Korea's miracle on ice
During the 1990s and even into the 2000s, the national team’s skill level was on par with club teams in other countries. In fact, during an off-season training game in 1990, the Korean men’s team lost to a small club team in Canada 8-1.
Even prior to the IIHF Division I World Championships in Korea in April 2014, Rene Fasel, president of the International Ice Hockey Federation, couldn’t guarantee Korea’s spot in the 2018 Winter Olympics, in which the host country usually gets an automatic berth. Even though Korea is hosting the next Winter Games, the ice hockey team just wasn’t competing at the level of the world’s top teams.
And they certainly proved their unworthiness during the event, falling to Ukraine 8-2, and losing all five of its matches. The team was relegated to Division I Group B, and from this humiliation, Korea hired a new head coach, Jim Paek, and accepted more naturalized athletes to the team.
In their most recent game on Saturday, the men’s team faced Ukraine, the country that had routed them to Division I Group B three years ago, and defeated them 2-1 to finish runner-up in Division I Group A. The rank earned them a promotion to the top division of next year’s IIHF World Championships. Before their match against Ukraine, the Korean team also bested Kazakhstan, Hungary and Poland.

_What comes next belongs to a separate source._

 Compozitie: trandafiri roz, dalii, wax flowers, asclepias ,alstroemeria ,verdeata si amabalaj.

The IIHF’s top division comprises traditionally strong ice hockey countries like Canada, Russia and the United States. Competing against them is considered a “dream stage” for teams in the lower divisions. There are five lower divisions, and countries in each jockey for a promotion to the next level. In the IIHF’s 80-year history, it’s been unusual for a team in Division I Group B to advance to the top division in just two years as Korea has done.
Considering the condition of men’s ice hockey in Korea - there are only 233 players across six high school teams and three professional teams - the national team’s feat is close to a miracle.

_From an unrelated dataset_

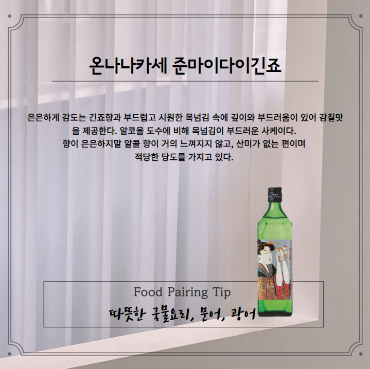 ✔️ 오무라야 주조장의 최고급주로, 아련히 느껴지는 단맛과 은은한 향, 부드러운 목넘김이 특징이에요 -
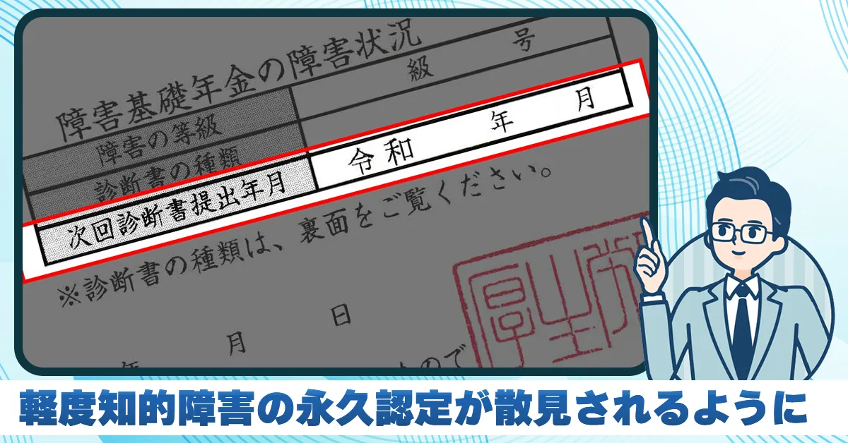 軽度知的障害の次回更新年月は3~5年になることが多く、うつ病などに比べると長めですが、永久認定はとても少ないです。

For Paek, a Korean-Canadian, coaching the national team is a point of personal pride. While the team’s seven naturalized athletes are certainly top performers, the Korean-born players are also improving. Of the 14 goals scored during the championship, 11 were made by the team’s Korean-born players. During the tournament, Brock Radunske and Mike Testwuide, both naturalized athletes, couldn’t participate due to injuries, and Canadian-born Eric Regan sat out of the match against Hungary, allowing the Korean-born players to really shine.

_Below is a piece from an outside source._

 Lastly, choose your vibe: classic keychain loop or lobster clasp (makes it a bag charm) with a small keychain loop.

The support of Chung Mong-won, chairman of Halla Group and president of the Korea Ice Hockey Association, has also played a big role in the team’s development. Chung created the professional hockey team the Mando Winia, now the Anyang Halla, in 1994, and fought to keep it afloat during the 1997 financial crisis. After he was appointed president of the KIHA in 2013, he donated 5 to 6 billion won ($4.4 to 5.3 million) each year to the Anyang Halla and 1.5 billion won to the KIHA.
At the upcoming Olympics, Korea has been assigned to group A with Canada, the Czech Republic and Switzerland.
“Winning a gold medal at the PyeongChang Olympics is our goal,” Paek said. “We want to win all the games and make people proud.”